Abstract
CytoVI: Deep generative modeling of cytometry data across technologies
Flow cytometry was historically the first single cell technology to measure millions of cellular states within minutes. Due to its robustness and scalability flow cytometry and related antibody-based single cell technologies have become an irreplaceable part of routine clinics and evolved to a powerful tool for exploratory research. Opposed to the intrinsically noisy and sparse data characteristics of most genomic single cell technologies, antibody-based cytometry technologies offer high-resolution measurements of millions of cells across a wide dynamic range facilitating the analysis of large patient cohorts. However, the analysis of multi-cohort studies is often obstructed by batch effects and differences in antibody panels or technology platforms utilized to analyze samples.
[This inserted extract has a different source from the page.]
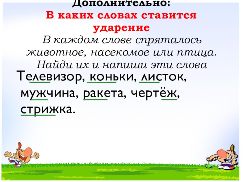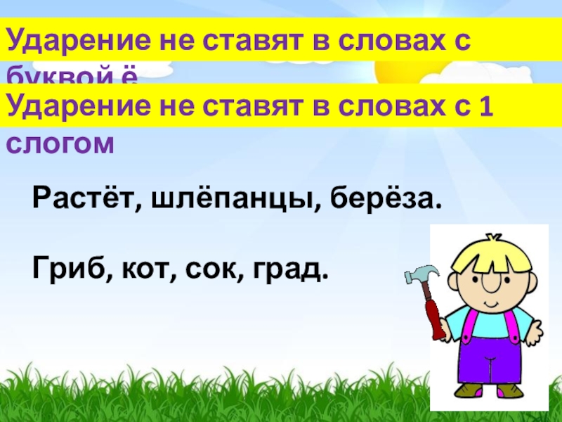 Ударение не ставят в словах с 1 слогом

Here, we present CytoVI, a deep generative model designed for the integration across antibody-based technologies. CytoVI removes technical variation in flow cytometry, CyTOF or CITE-seq data and embeds cells into a meaningful low-dimensional representation corresponding to a cells intrinsic state. CytoVI performs favourable compared to existing tools in data integration tasks, imputes missing markers in experiments with overlapping antibody panels and predicts a cells transcriptome if paired with CITE-seq data. We utilized CytoVI to generate an integrated B cell maturation atlas across 350 proteins from conventional mass cytometry data and automatically detect T cell states associated with disease in a large cohort of Non-hodgkin B cell lymphoma patient measured by flow cytometry. Beyond its applicability for preclinical research, we showcased that CytoVI can automatically identify tumor cells in chronic lymphatic leukemia patients via transfer learning and predict a patient’s diagnosis in a fully automated fashion. Therefore, CytoVI represents a powerful deep learning tool for preclinical research and enables an accurate automated analysis of immunophenotypes in patient samples in clinical settings.